**Task**
Extract the lines up to and including the one that contains "На клетчатой бумаге", starting with the first line of the entries below, and omit the pictures.

**Record extracts**
:::

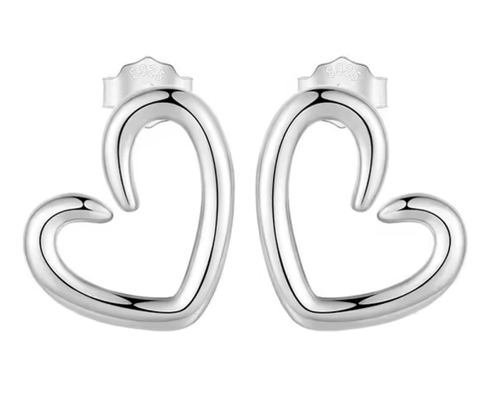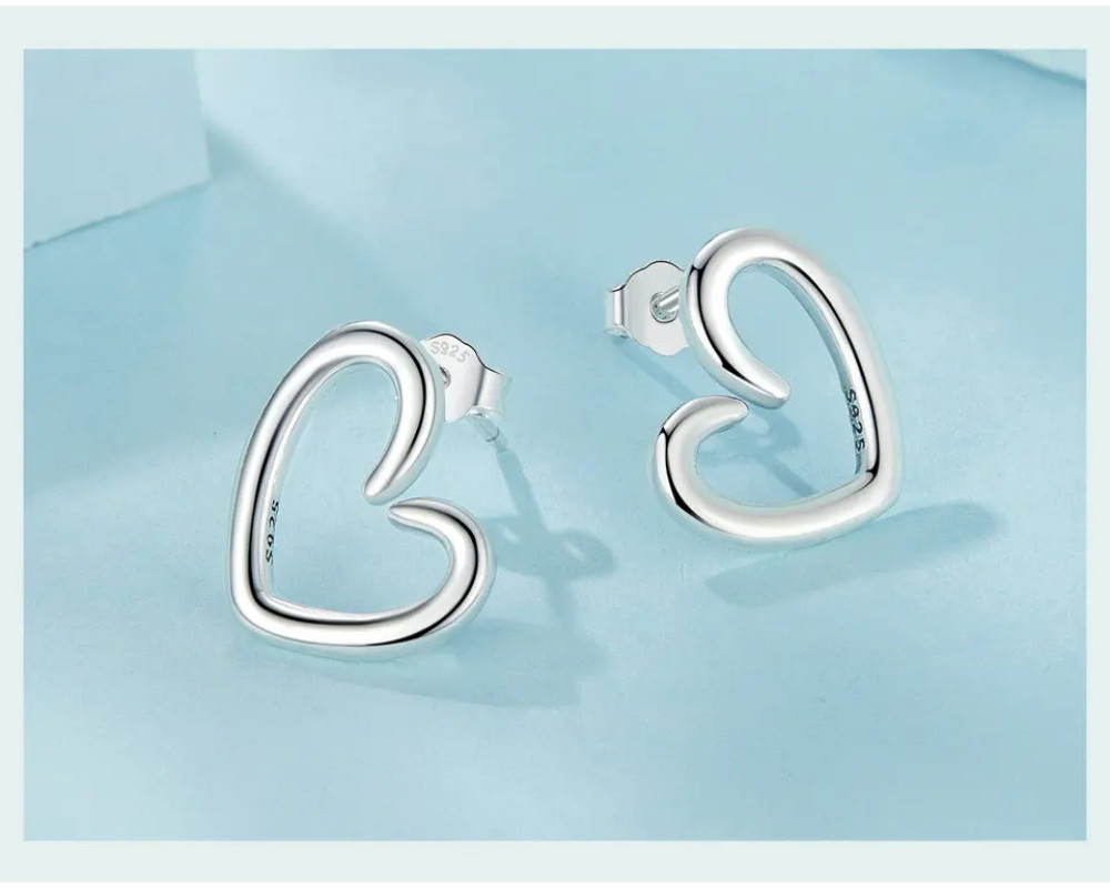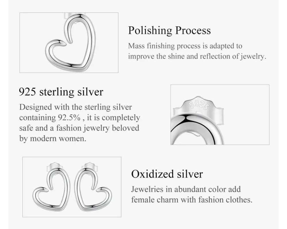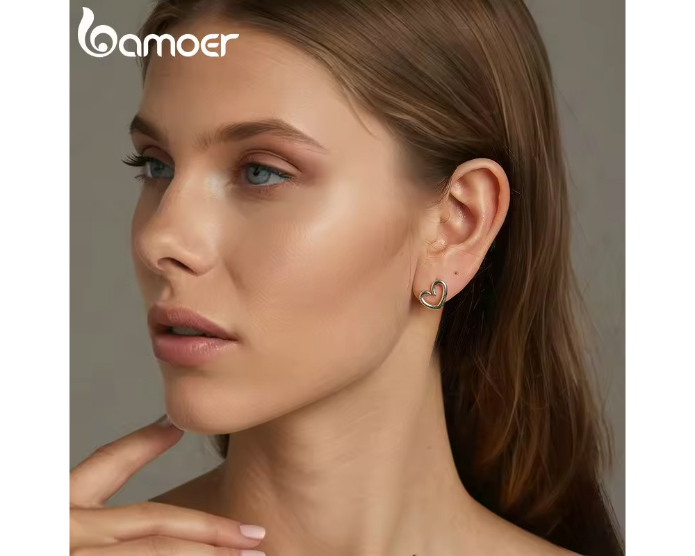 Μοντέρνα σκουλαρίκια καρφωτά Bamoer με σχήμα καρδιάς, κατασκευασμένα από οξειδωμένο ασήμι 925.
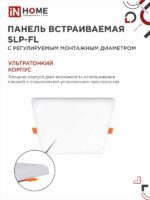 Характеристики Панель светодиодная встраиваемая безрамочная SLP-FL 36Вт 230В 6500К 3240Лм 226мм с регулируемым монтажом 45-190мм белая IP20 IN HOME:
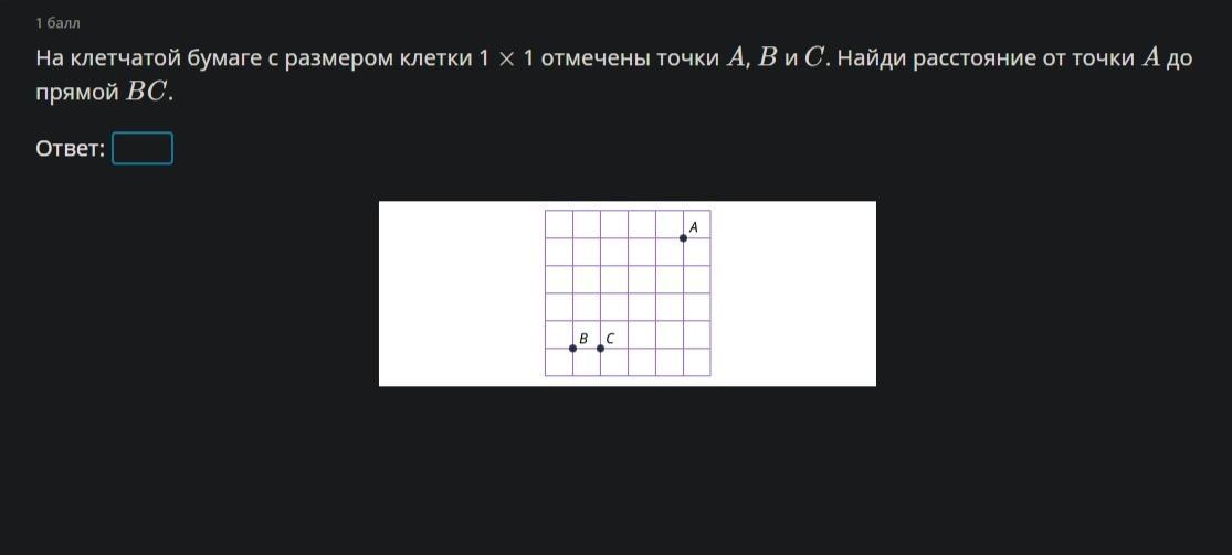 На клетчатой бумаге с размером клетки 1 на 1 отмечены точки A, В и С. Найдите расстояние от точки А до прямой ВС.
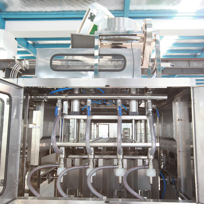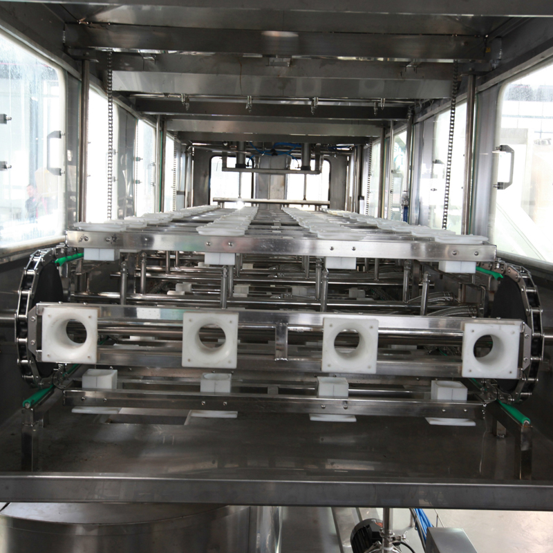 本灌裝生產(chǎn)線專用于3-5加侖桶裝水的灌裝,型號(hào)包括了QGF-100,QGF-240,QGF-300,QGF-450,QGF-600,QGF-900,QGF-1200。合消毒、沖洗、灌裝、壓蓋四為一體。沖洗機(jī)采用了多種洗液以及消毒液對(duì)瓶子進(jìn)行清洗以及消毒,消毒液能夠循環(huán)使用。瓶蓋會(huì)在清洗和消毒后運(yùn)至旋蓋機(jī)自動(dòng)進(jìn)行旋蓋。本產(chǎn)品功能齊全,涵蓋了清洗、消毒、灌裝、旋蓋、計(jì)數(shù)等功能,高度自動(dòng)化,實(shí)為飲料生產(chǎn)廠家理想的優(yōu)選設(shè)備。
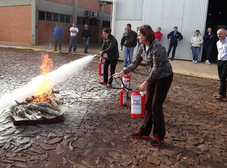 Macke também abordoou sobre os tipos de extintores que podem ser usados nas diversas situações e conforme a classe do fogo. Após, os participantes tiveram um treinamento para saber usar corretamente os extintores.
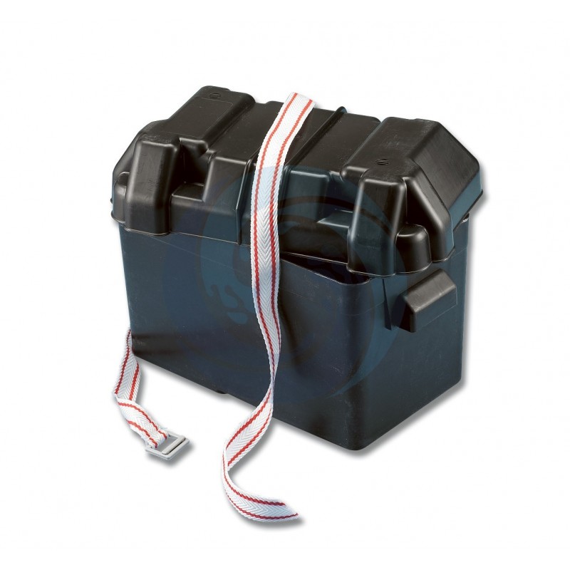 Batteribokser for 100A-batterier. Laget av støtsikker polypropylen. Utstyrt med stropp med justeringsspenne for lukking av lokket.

:::

**Finished task**
 Μοντέρνα σκουλαρίκια καρφωτά Bamoer με σχήμα καρδιάς, κατασκευασμένα από οξειδωμένο ασήμι 925.
 Характеристики Панель светодиодная встраиваемая безрамочная SLP-FL 36Вт 230В 6500К 3240Лм 226мм с регулируемым монтажом 45-190мм белая IP20 IN HOME:
 На клетчатой бумаге с размером клетки 1 на 1 отмечены точки A, В и С. Найдите расстояние от точки А до прямой ВС.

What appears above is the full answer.